This function combines existing geometries into a single feature.

* `ST_Collect(geometry_array)`: Takes an array of geometries and aggregates them into a single multi-part geometry (e.g., `MultiPoint`, `MultiPolygon`) or a `GeometryCollection`. This is useful for grouping related features together. This is an essential function because direct spatial operations on arrays are often limited, so ST_Collect consolidates the individual geometries into one object that can then be analyzed.

---

While these are common examples, they are not the only constructor functions available in WherobotsDB. We will now look at examples for `ST_MakePoint`, `ST_LineStringFromText`, `ST_Collect`, and `ST_MakeEnvelope`.

### ST_MakePoint()

In [None]:
points_df = sedona.sql("""

SELECT ST_MakePoint(-122.349277, 47.620504) as space_needle, ST_MakePoint(-122.350446, 47.620556) as glass_museum, ST_MakePoint(-122.348258, 47.621494) as pop_culture_museum

""")

points_df.show(1, False)

In [None]:
map_config_url = "https://raw.githubusercontent.com/wherobots/geospatial-data-engineering-associate/refs/heads/main/assets/week-1/conf/map_config.json"

with urllib.request.urlopen(map_config_url) as response:
    map_config = json.load(response)

map = SedonaKepler.create_map(points_df, "Tourist spots", map_config)
map

### ST_LineStringFromText()

In [None]:
line_df = sedona.sql("""

SELECT ST_LineStringFromText('-122.349277, 47.620504, -122.350446, 47.620556, -122.348258, 47.621494', ',') as order_to_visit

""")
line_df.show(1, False)

### ST_Collect()

In [None]:
# PS. this allows us to access the dataframes in a SQL environment
points_df.createOrReplaceTempView("points")
line_df.createOrReplaceTempView("line")

collection_df = sedona.sql("""

SELECT 
    ST_Collect(Array(space_needle, glass_museum, pop_culture_museum, order_to_visit))
FROM points, line

""")

collection_df.show(1, False)

In [None]:
map_collection = SedonaKepler.create_map(collection_df, "Things to do", map_config)
map_collection

### ST_MakeEnvelope()

In [None]:
envelope_df = sedona.sql("""

SELECT ST_MakeEnvelope(-122.352848,47.619674,-122.346539,47.622451) AS tourist_location_bbox

""")

envelope_df.show(1, False)

# Wherobots Fundamentals - Spatial Predicates

Spatial predicates are functions that test the relationship between two geometries, returning `TRUE` or `FALSE`. They form the core of most spatial analysis, allowing you to filter data or create joins based on how geometries interact with each other. Understanding the exact logic of each predicate is key to performing accurate analysis.
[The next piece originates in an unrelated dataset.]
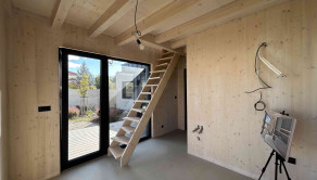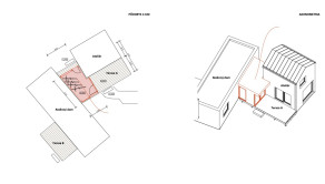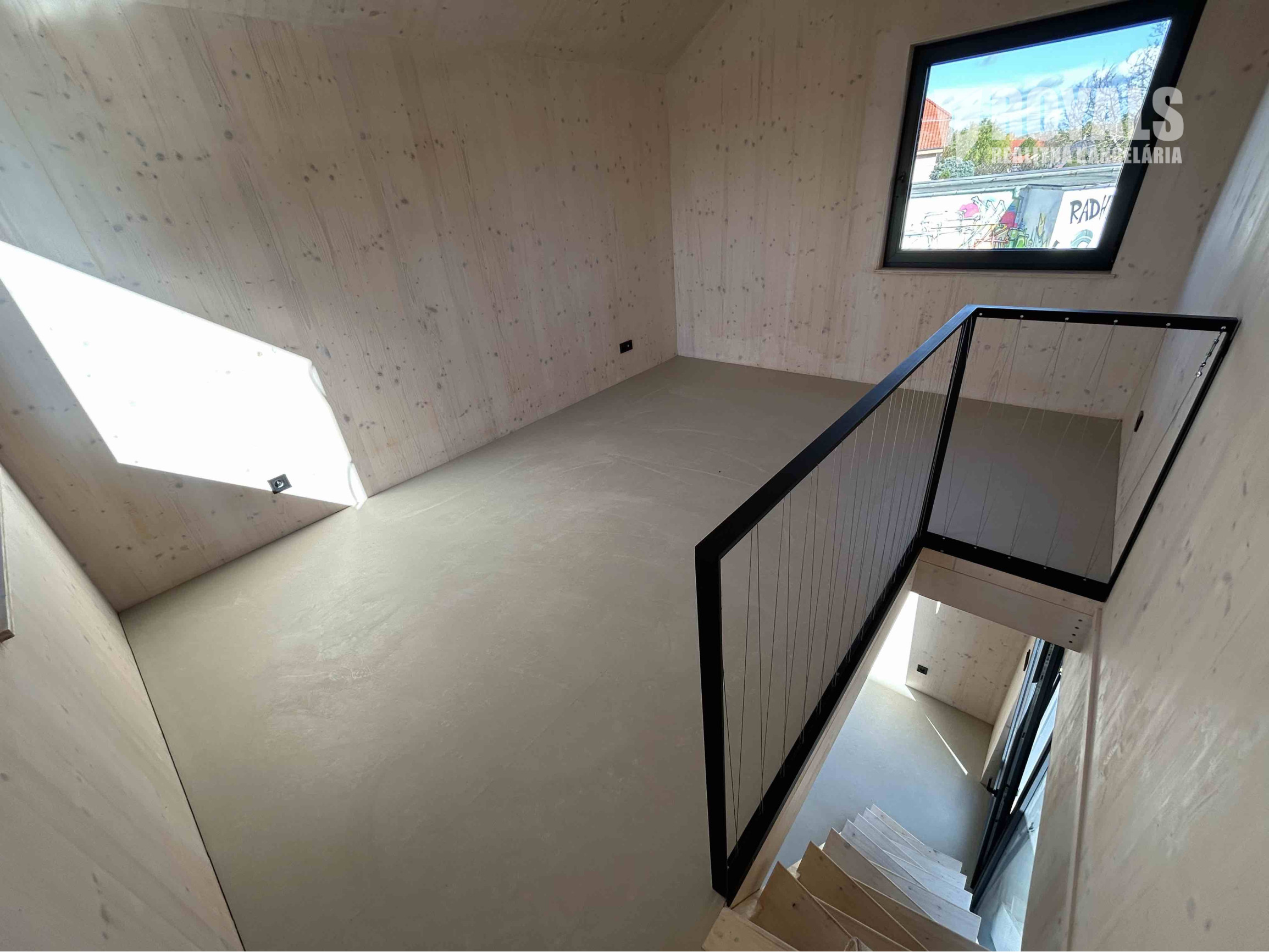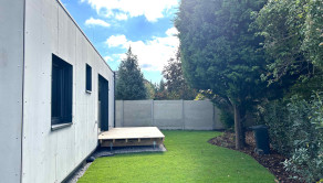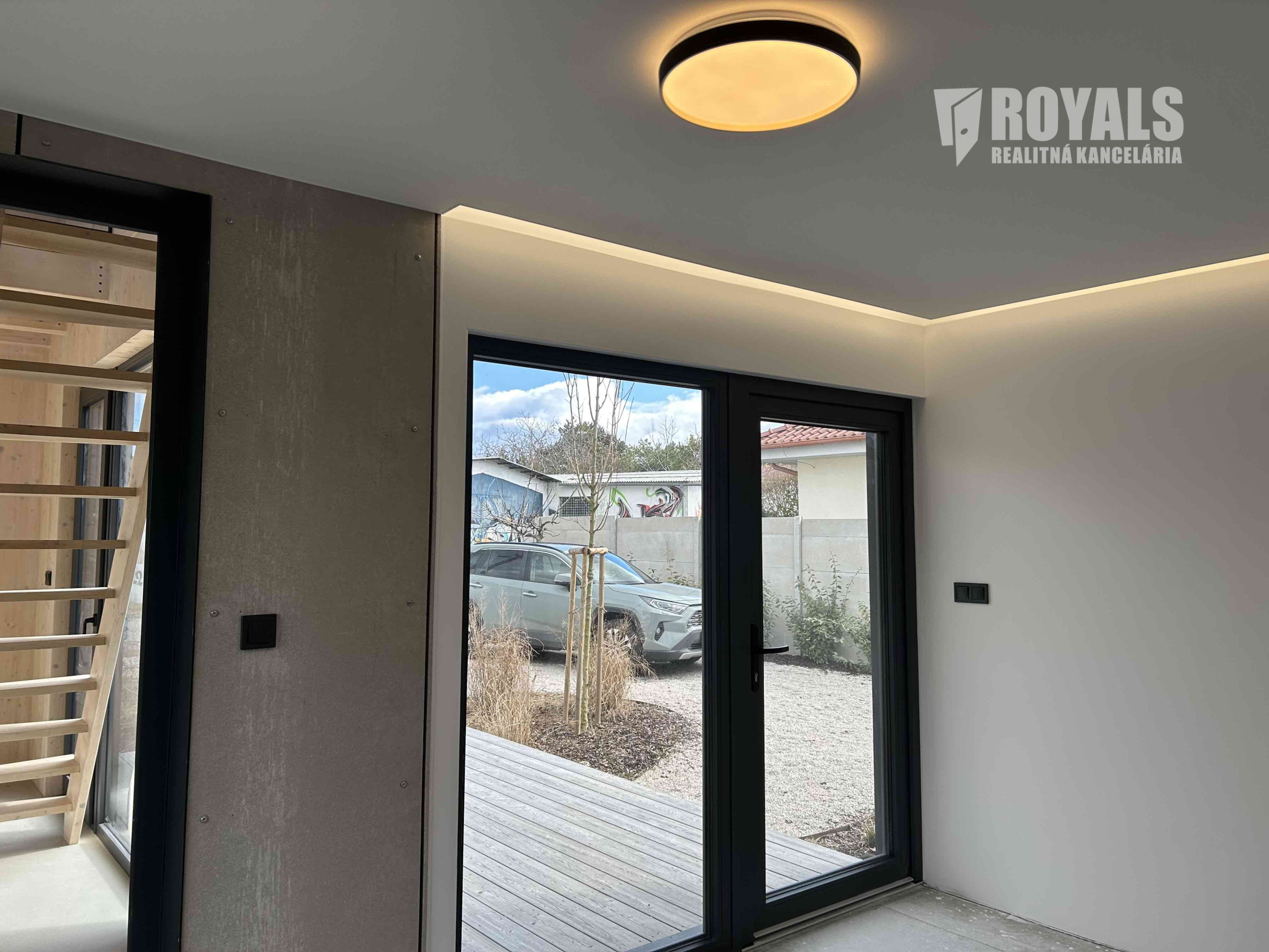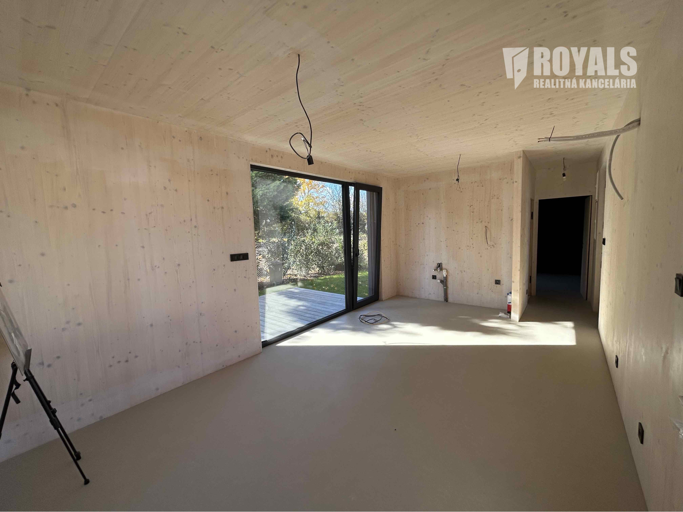 Jedná sa o novostavbu dvoch samostatných blokov budov prepojených presklenou verandou a tým pádom môžu, ale aj nemusia tvoriť jeden celok. Prepojením vznikla dodatočná úžitková plocha 14 m2.

In this section, we will explore some of the most essential predicate functions in detail.

-----

## ST_Intersects(A, B)

This is the most general-purpose spatial relationship, returning `TRUE` if two geometries **share any space at all**. This includes touching at a single point on their boundaries or overlapping in any way. It's the opposite of `ST_Disjoint`.

  * **Use Case:** Finding any parcels that intersect with a specific road.

-----

## ST_Contains(A, B) and ST_Within(A, B)

These two functions are opposites and describe a "spatially-inside" relationship.
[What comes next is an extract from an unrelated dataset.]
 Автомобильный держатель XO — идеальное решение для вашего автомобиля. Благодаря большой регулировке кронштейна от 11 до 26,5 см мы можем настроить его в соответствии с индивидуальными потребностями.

  * `ST_Contains(A, B)` returns `TRUE` if geometry **A** completely encloses geometry **B**. No part of B can be outside of A. Think of a cookie inside a cookie jar; the jar contains the cookie.
  * `ST_Within(A, B)` returns `TRUE` if geometry **A** is completely inside geometry **B**. It's the reverse of `ST_Contains`. The cookie is within the jar.

A key detail is that the boundaries of the geometries cannot simply touch; at least one point of the inner geometry's interior must fall inside the outer geometry's interior. For example, a line that lies perfectly on the boundary of a polygon is not *contained* by it.
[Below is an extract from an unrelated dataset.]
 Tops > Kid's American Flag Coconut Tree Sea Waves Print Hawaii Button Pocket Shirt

  * **Use Case:** Finding all the schools (`ST_Within`) a specific city district (`ST_Contains`).

-----

## ST_Overlaps(A, B)

This predicate is more specific than `ST_Intersects`. It returns `TRUE` only if two geometries **partially intersect** and are of the **same dimension**. For example, two overlapping polygons will return `TRUE`, but a line crossing a polygon will not. Critically, neither geometry can be completely contained within the other.

  * **Use Case:** Finding sales regions that have a partial overlap, which might indicate a territory dispute.

-----

### ST_DWithin(A, B, distance, [useSpheroid])

Instead of just testing a direct spatial relationship, `ST_DWithin` checks for **proximity**. It returns `TRUE` if the two geometries are **within a specified distance** of each other. This is extremely powerful for "buffer" style queries and is highly optimized to use spatial indexes, making it much faster than calculating the exact distance for every pair of geometries.

#### Distance Calculation: Spheroid vs. Euclidean

The optional `useSpheroid` flag is crucial as it controls how the distance is calculated:

* **`useSpheroid = true` (Spheroidal Distance):** This method should be used for geographic data (latitude/longitude). It calculates the more accurate "great-circle" distance on a curved surface. When this is enabled, the distance unit is always in **meters**, and the calculation is performed between the centroids of the two geometries.

* **`useSpheroid = false` (Euclidean Distance):** This is the default behavior. It performs a simpler, "flat-earth" distance calculation. The unit of the `distance` parameter in this case is the same as the unit of the data's Coordinate Reference System (CRS). For accurate results, you should first transform your data into a projected CRS appropriate for distance measurements (e.g., a UTM or State Plane system).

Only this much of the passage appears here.